To understand how the provided data substantiates Newton's second law of motion, \( F = ma \), we need to analyze the situation using the concepts of force, mass, and acceleration.
Given Data:
- Mass of the car: \( m = 1950 \) kg
- Initial velocity of the car: \( v_i = 22.0 \) m/s
- Final velocity of the car (stop): \( v_f = 0 \) m/s
- Force applied and time taken to stop in two trials.
Calculating Deceleration:
Using the kinematic equation: \[ v_f = v_i + at \] We can rearrange to solve for acceleration \( a \) (which will be negative, as it is deceleration): \[ a = \frac{v_f - v_i}{t} = \frac{0 - 22.0 , \text{m/s}}{t} \]
Trial 1 Calculations:
- Force applied: \( F_1 = 10,725 \) N
- Time required to stop: \( t_1 = 4.00 \) s
- Acceleration: \[ a_1 = \frac{0 - 22.0 , \text{m/s}}{4.00 , \text{s}} = -5.5 , \text{m/s}^2 \]

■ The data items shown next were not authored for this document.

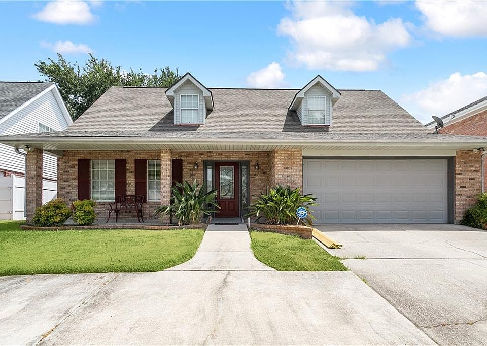 Year round vacation in this charming 3 bedroom 2 1/2 bath home nestled in the heart of Eden Isles. Great room has a cathedral ceiling & cozy fireplace. Kitchen has stainless appliances, granite countertops with a separate dining area and a nice size pantry. Primary suite downstairs w/bath & custom closet. Lower level also has half bath & indoor laundry. Two bedrooms & 1 full bath upstairs. Primary, great room, dining & kitchen look out to the incredible outdoor views. Fenced patio area w/ beautiful inground pool overlooking water with outdoor bathroom & shower. Navigable water, fishing & crabbing from dock. Circular driveway & double garage. Easy access to I-10.
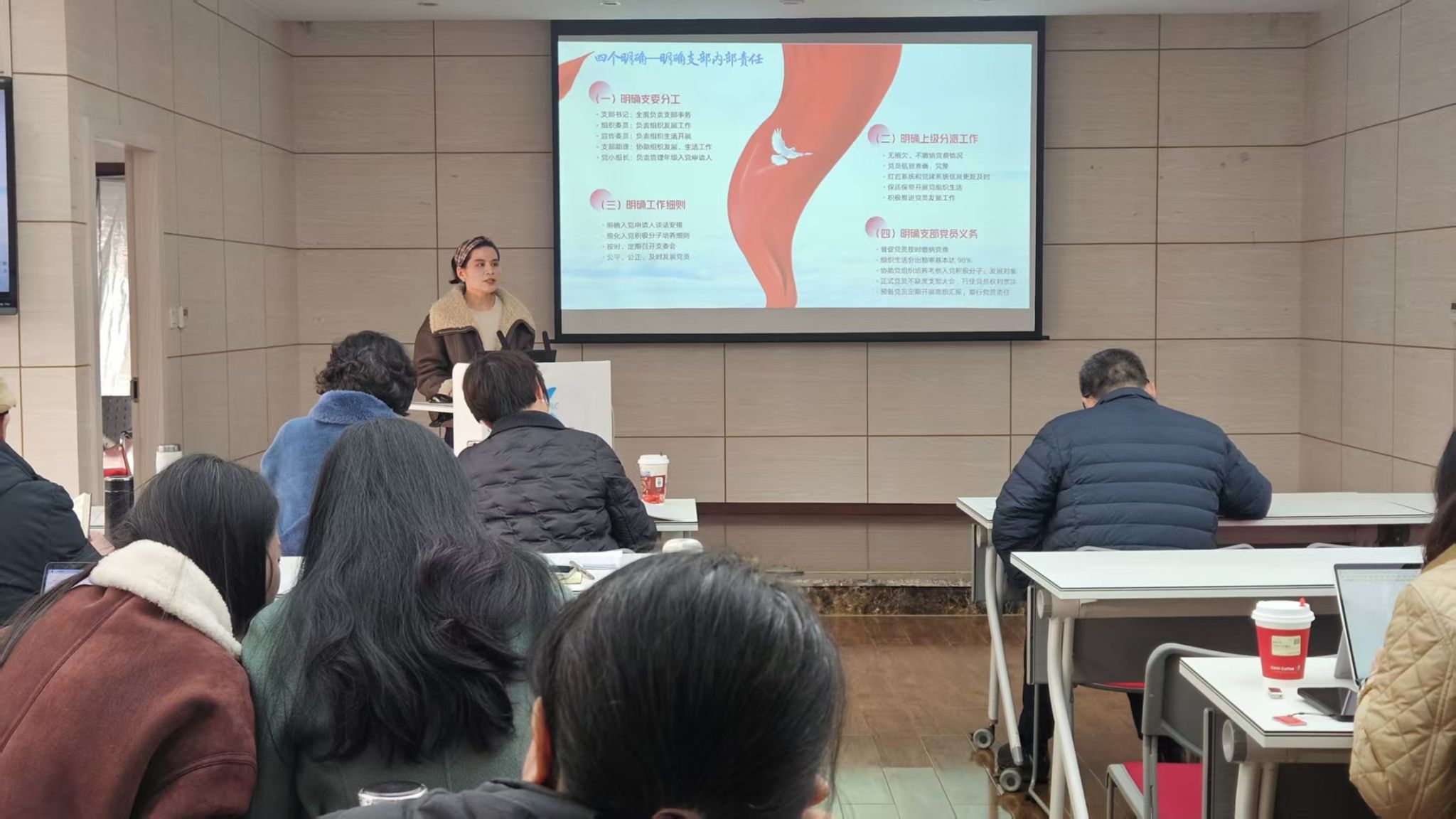 各位支部书记秉持求真务实的工作作风,就所在支部过去一年的党建工作开展情况、特色亮点、存在不足进行了全面详实的汇报。汇报聚焦 “一支部一品牌”建设,重点围绕思想政治建设、党员教育管理、党员发展等关键工作进行,同时结合实际对2026年党建工作方向和举措作出了清晰规划。
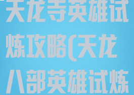 天龙八部手游天龙寺英雄试炼攻略(天龙八部英雄试炼关卡一览表)
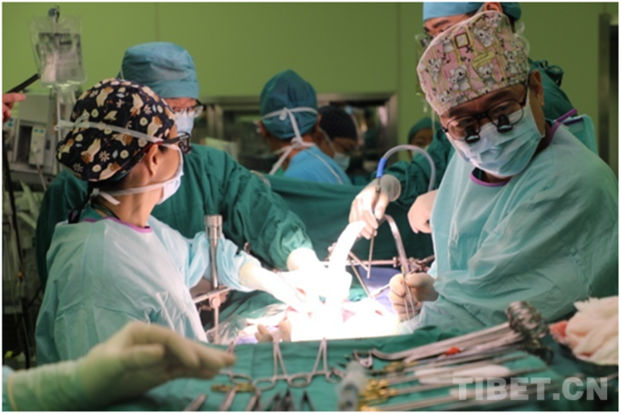 圖為醫(yī)療專家團(tuán)隊(duì)正在為患兒實(shí)施手術(shù) 攝影:龍真多吉
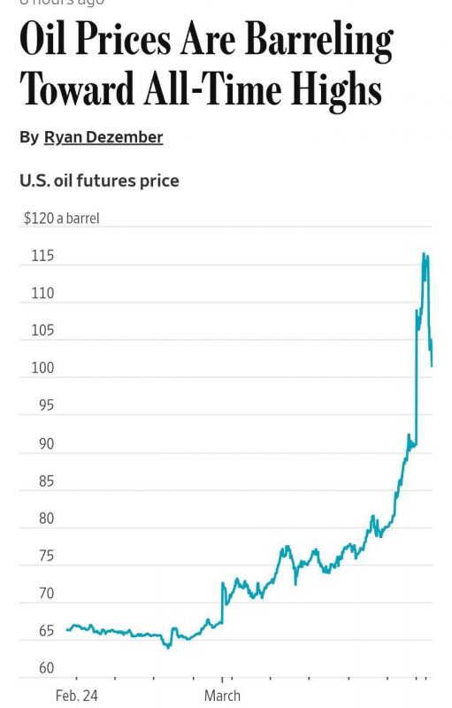 Мировые цены на нефть стремительно растут. По данным The Wall Street Journal, в случае серьёзных геополитических потрясений на Ближнем Востоке стоимость барреля может достигнуть $215 с учётом инфляции — абсолютного исторического максимума.
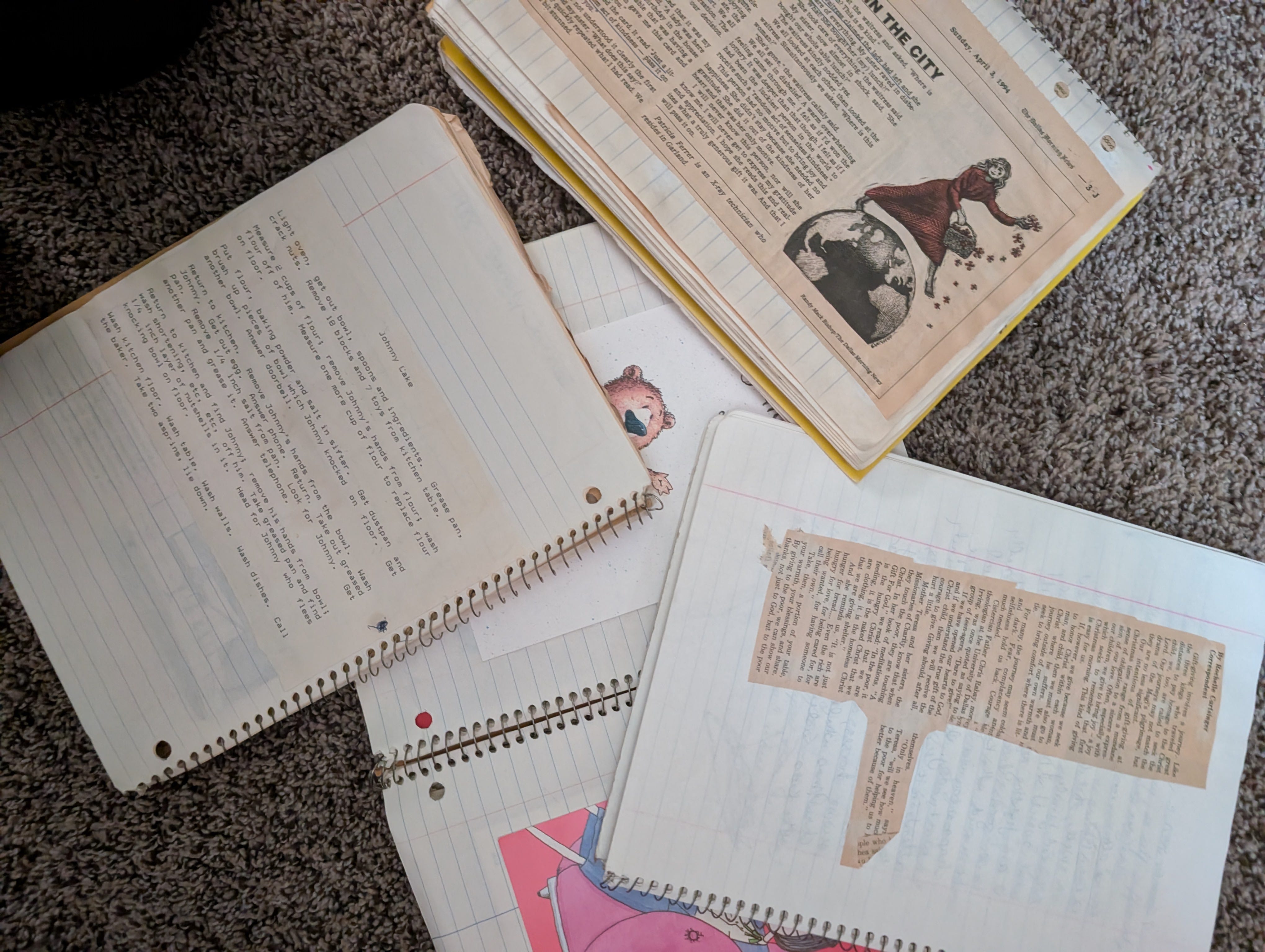 Three decades ago, in the thick of my years as Momma to our four kiddos, I cut out articles from newspapers1 that I found interesting and glued them into spiral notebooks. These college-ruled wonders also contained scribbles of life advice, memorable adages, quotes from books I’d read, cartoons, mementos from my children, and entries about our family life or cultural moments. News about random acts of kindness or recent elections nestle next to notes about first words and first steps. It was part note-taking, part scrap-booking, and part journaling.
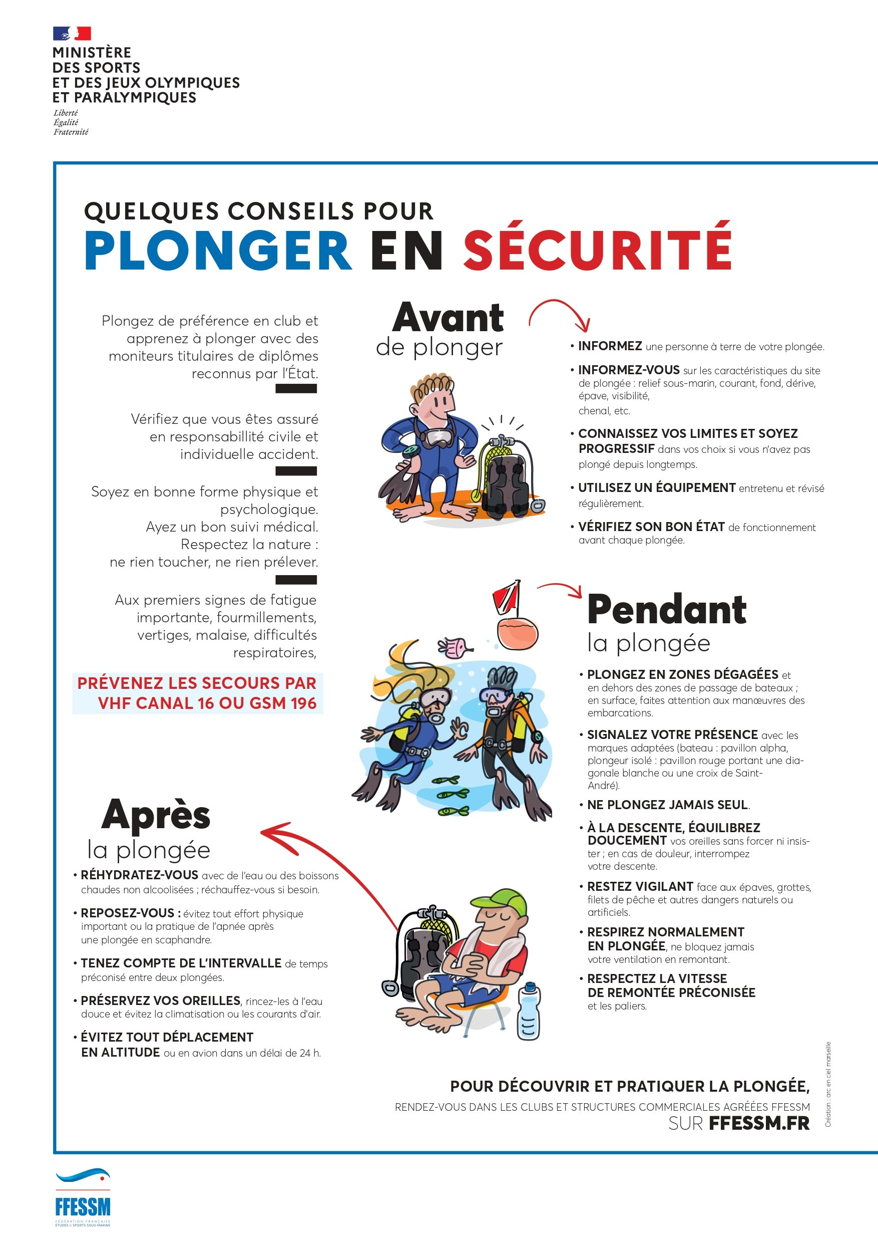 Affiche réalisée par la FFESSM, conjointement avec le ministère des sports, présentant quelques conseils et recommandations pour plonger en sécurité. Des conseils à suivre avant, pendant et après la plongée.
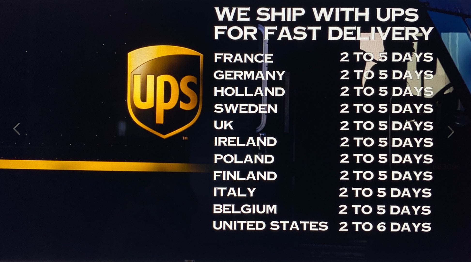 SHIPPING WITH UPS. Easy Tracking and Fast Delivery.
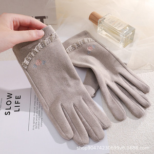 秋冬手套女薄绒高弹新款冬季可触屏保暖防寒骑车防风针织女士开车
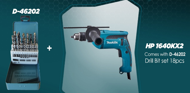 Makita HP 1640KX2 Drill+18Pcs DRILL BIT SET
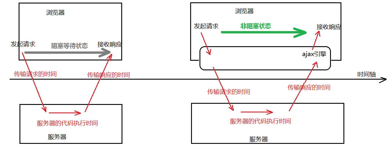 很显然,如果没有ajax引擎的情况下发起请求而且等到收到响应对于浏览器来说是非常浪费时间的,尤其是发起的请求计算量过大,网速特别慢的时候是非常影响用户体验的,有了ajax引擎替我们发起请求和接受协议,浏览器就有机会去做其他的事情,而不是傻傻的等待!
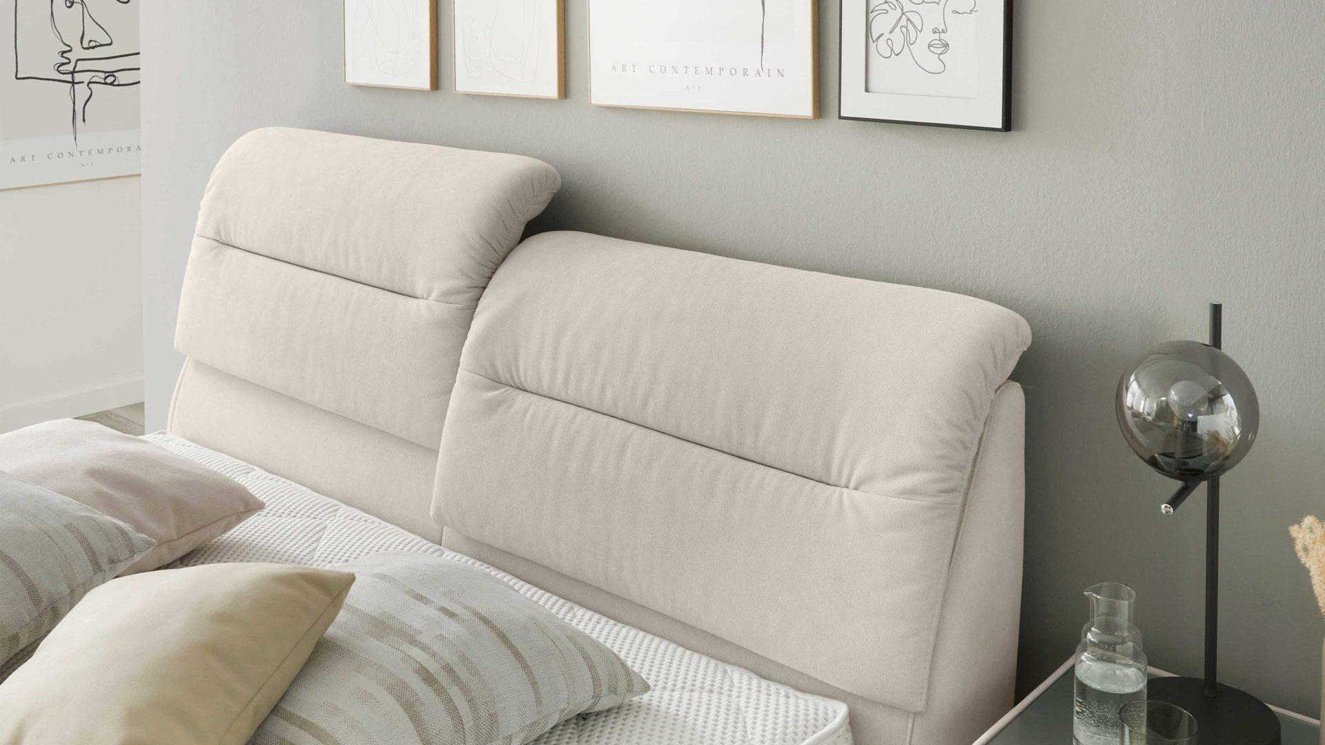 Die Basis bildet der Taschenfederkern-Unterbau. Er umfasst einen robusten und stabilen Massivholzrahmen sowie zwei rundum stoffbezogene Matratzen. Durch die integrierte CLIMABOX trägt der Unterbau zu einem besseren Schlafklima bei. Die Antirutsch-Einsätze stellen sicher, dass die Matratzen an Ort und Stelle bleiben.
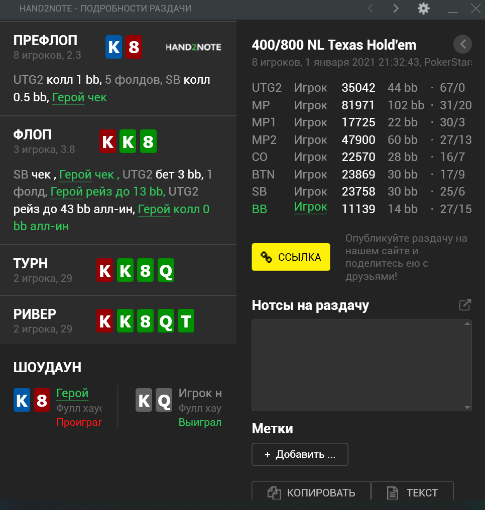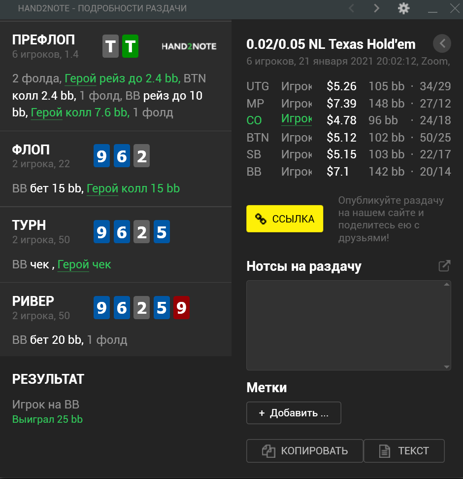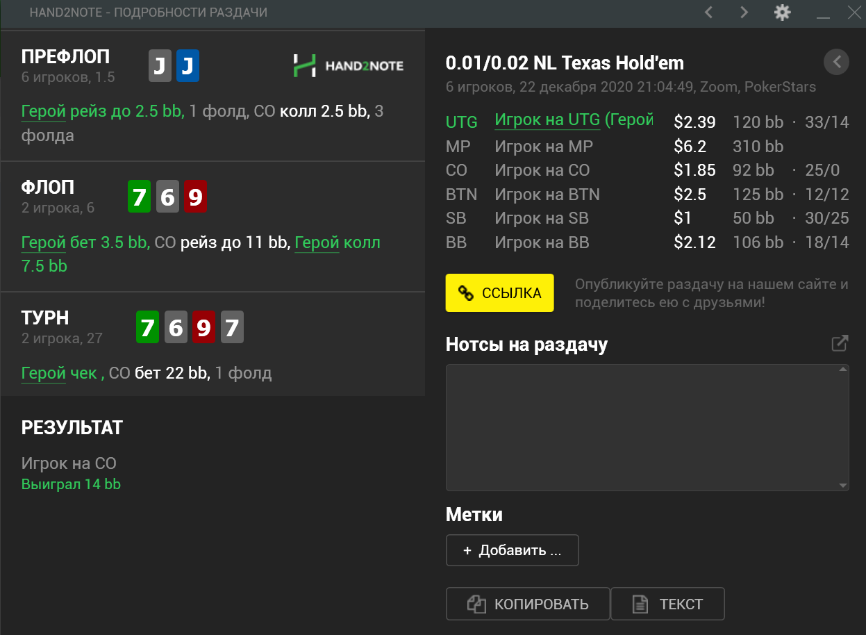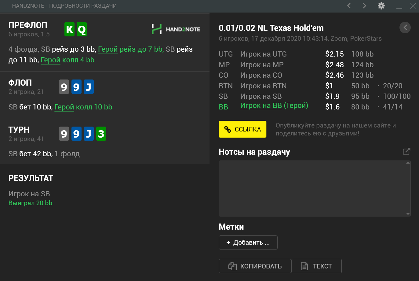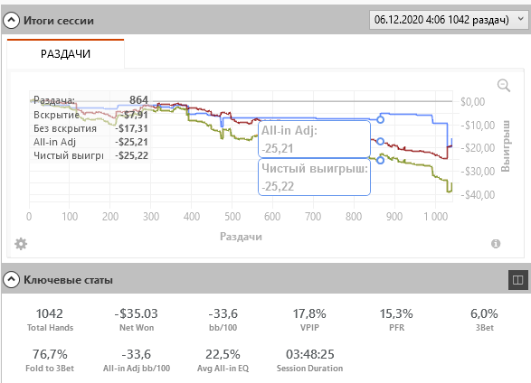 >>44894 Зайди в Сессии, выбери нужную сессию и отсортируй руки. Можешь отсортировать по времени с начала/конца сессии, по размеру самого большого выигранного/проигранного банка, даже по старшинству рук можешь отсортировать. Или во время игры открывай ту же вкладку Сессии и отмечай недавно сыгранную руку для дальнейшего разбора.

- Using \( F = ma \): \[ F_1 = (1950 , \text{kg}) \times (-5.5 , \text{m/s}^2) \] \[ F_1 = -10,725 , \text{N} \] (The negative sign indicates the force is in the opposite direction of motion.)
Trial 2 Calculations:
- Force applied: \( F_2 = 5,362.5 \) N
- Time required to stop: \( t_2 = 8.00 \) s
- Acceleration: \[ a_2 = \frac{0 - 22.0 , \text{m/s}}{8.00 , \text{s}} = -2.75 , \text{m/s}^2 \]
- Using \( F = ma \): \[ F_2 = (1950 , \text{kg}) \times (-2.75 , \text{m/s}^2) \] \[ F_2 = -5,362.5 , \text{N} \]
Conclusion:
Both trials show that the applied force is consistent with Newton's second law of motion (\( F = ma \)). In each case, when we calculate the acceleration based on the time to stop and relate it back to the force using the car's mass, we find that the calculated force corresponds exactly to the force that was applied in both trials.
Thus, the information substantiates the equation \( F = ma \) by demonstrating that the forces applied to the car result in the observed deceleration, complying with the expected relationships dictated by Newton's laws.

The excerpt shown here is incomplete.